导入到SQL后,它会弹出,因为其中一个网址中有一个逗号。我的想法是尝试重写URL列以转储TLD之后的所有内容(foo.com/blah,tracking?ref=!superuselessstuff到foo.com)。
同事为PowerShell提出了以下两个代码。第一个工作得很好,但1.7G文件拖动我的系统爬行,它从未完成(运行48小时没有完成)。第二个完成,但使文本更难以使用。救命?
源数据示例:
"Begin Date"|"End Date"|"Time (GMT -05:00)"|"URL"|"CONTENT TYPE"|"URL CATEGORY"|"DESTINATION IP"|"Disposition"|"Policy Name"|"Policy Type"|"Application Type"|"User"|"User Type"
"2013-07-24 05:00 GMT"|"2013-07-25 04:59 GMT"|"1374728377"|"hxxp://mediadownloads.mlb.com/mlbam/2013/06/23/mlbtv_bosdet_28278793_1800K.mp4"|"video/mp4"|"Sports and Recreation"|"165.254.94.168"|"Allow"|"Generics"|"Access"|"Media"|"DOMAIN\gen7@Domain 10.XXX.XXX.XXX"|"[-]"

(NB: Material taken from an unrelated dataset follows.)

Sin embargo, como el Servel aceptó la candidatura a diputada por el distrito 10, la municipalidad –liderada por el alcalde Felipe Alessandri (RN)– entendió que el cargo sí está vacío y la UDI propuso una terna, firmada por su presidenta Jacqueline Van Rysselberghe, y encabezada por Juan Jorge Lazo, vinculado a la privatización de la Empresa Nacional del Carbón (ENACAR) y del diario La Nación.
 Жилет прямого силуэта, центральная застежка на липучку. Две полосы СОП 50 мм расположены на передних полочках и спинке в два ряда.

"2013-07-24 05:00 GMT"|"2013-07-25 04:59 GMT"|"1374728376"|"hxxp://stats.pandora.com/v1?callback=jQuery17102006296486278092_1374683921429&type=promo_box&action=auto_scroll&source=PromoBoxView&listener_id=84313100&_=1374728377192"|"text/javascript"|"Streaming Audio"|"208.85.40.44"|"Allow"|"Generics"|"Access"|"Media"|"DOMAIN\gen7@Domain 10.XXX.XXX.XXX"|"[-]"

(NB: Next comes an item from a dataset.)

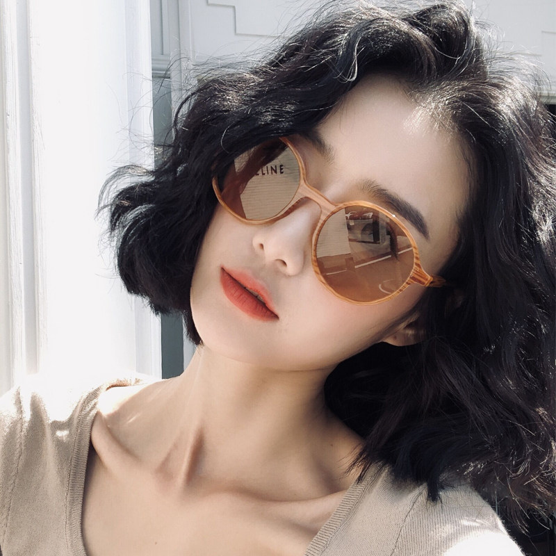 Net red in sunglasses 2021 new tide Han street to take personality sunglasses female round face port wind tea glasses

"2013-07-24 05:00 GMT"|"2013-07-25 04:59 GMT"|"1374728357"|"hxxp://b.scorecardresearch.com/p?c1=1&c2=3005352&c3=&c4=mlb&c5=02&c6=&c10=&c7=hxxp%3A//wapc.mlb.com/det/play/%3Fcontent_id%3D29083605%26topic_id%3D8878748%26c_id%3Ddet&c8=Video%3A%20Recap%3A%20BOS%203%2C%20DET%2010%20%7C%20MLB.com%20Multimedia&c9=hxxp%3A//detroit.tigers.mlb.com/index.jsp%3Fc_id%3Ddet&rn=0.36919005215168&cv=2.0"|"image/gif"|"Business and Industry"|"207.152.125.91"|"Allow"|"Generics"|"Access"|"-"|"DOMAIN\gen7@Domain 10.XXX.XXX.XXX"|"[-]"

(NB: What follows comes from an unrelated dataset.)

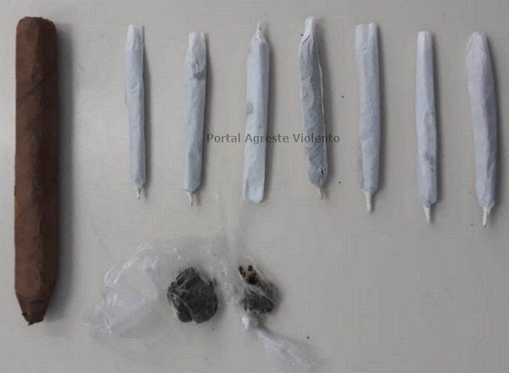 Eles estavam em uma motocicleta e ao serem parados em uma blitz, estavam portando sete cigarros de maconha, duas poções da mesma droga e um charuto.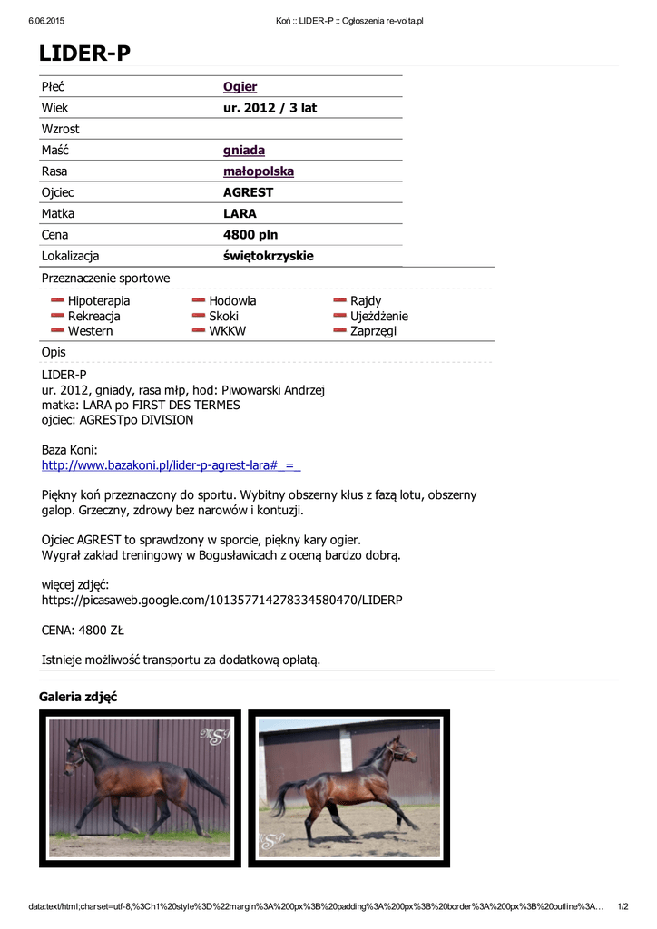 6.06.2015 Koń :: LIDERP :: Ogłoszenia revolta.pl LIDERP Płeć Ogier Wiek ur. 2012 / 3 lat Wzrost Maść gniada Rasa małopolska Ojciec AGREST Matka LARA Cena 4800 pln Lokalizacja świętokrzyskie Przeznaczenie sportowe Hipoterapia Rekreacja Western Hodowla Skoki WKKW Rajdy Ujeżdżenie Zaprzęgi Opis LIDERP ur. 2012, gniady, rasa młp, hod: Piwowarski Andrzej matka: LARA po FIRST DES TERMES ojciec: AGRESTpo DIVISION Baza Koni: http://www.bazakoni.pl/liderpagrestlara#_=_ Piękny koń przeznaczony do sportu. Wybitny obszerny kłus z fazą lotu, obszerny galop. Grzeczny, zdrowy bez narowów i kontuzji. Ojciec AGREST to sprawdzony w sporcie, piękny kary ogier. Wygrał zakład treningowy w Bogusławicach z oceną bardzo dobrą. więcej zdjęć: https://picasaweb.google.com/101357714278334580470/LIDERP CENA: 4800 ZŁ Istnieje możliwość transportu za dodatkową opłatą. Galeria zdjęć data:text/html;charset=utf8,%3Ch1%20style%3D%22margin%3A%200px%3B%20padding%3A%200px%3B%20border%3A%200px%3B%20outline%3A… 1/2 6.06.2015 Koń :: LIDERP :: Ogłoszenia revolta.pl data:text/html;charset=utf8,%3Ch1%20style%3D%22margin%3A%200px%3B%20padding%3A%200px%3B%20border%3A%200px%3B%20outline%3A… 2/2

"2013-07-24 05:00 GMT"|"2013-07-25 04:59 GMT"|"1374728356"|"hxxp://lt150.tritondigital.com/lt?guid=VEQyNX4wMmIzY2FmZi1mMmExLTQ5OWQtODM5NS1kMjE0ZTkwMzMyMTY%3D&yob=1978&gender=M&zip=55421&hasads=0&devcat=WEB&devtype=WEB&cb=13747283558794766"|"text/plain"|"Business and Industry"|"208.92.52.90"|"Allow"|"Generics"|"Access"|"-"|"DOMAIN\GEN1@Domain 10.XXX.XXX.XXX"|"[-]"
"2013-07-24 05:00 GMT"|"2013-07-25 04:59 GMT"|"1374728356"|"""hxxp://an.mlb.com/b/ss/mlbglobal08,mlbtigers/1/H.26/s93606666143392?AQB=1&ndh=1&t=24%2F6%2F2013%2023%3A59%3A17%203%20300&fid=0DDFB0A0676D5241-080519A2C0D076F2&ce=UTF-8&ns=mlb&pageName=Major%20League%20Baseball%3A%20Multimedia%3A%20Video%20Playback%20Page&g=hxxp%3A%2F%2Fwapc.mlb.com%2Fdet%2Fplay%2F%3Fcontent_id%3D29083605%26topic_id%3D8878748%26c_id%3Ddet&cc=USD&events=event2%2Cevent28%2Cevent4&v13=Video%20Playback%20Page&c24=mlbglobal08%2Cmlbtigers&v28=28307515%7CFLASH_1200K_640X360&c49=mlb.mlb.com&v49=mlb.mlb.com&pe=lnk_o&pev1=hxxp%3A%2F%2FmyGenericURL&pev2=VPP%20Game%20Recaps&s=1440x900&c=32&j=1.6&v=Y&k=Y&bw=1440&bh=719&AQE=1"""|"image/gif"|"Sports and Recreation"|"66.235.133.11"|"Allow"|"Generics"|"Access"|"-"|"DOMAIN\gen7@Domain 10.XXX.XXX.XXX"|"[-]"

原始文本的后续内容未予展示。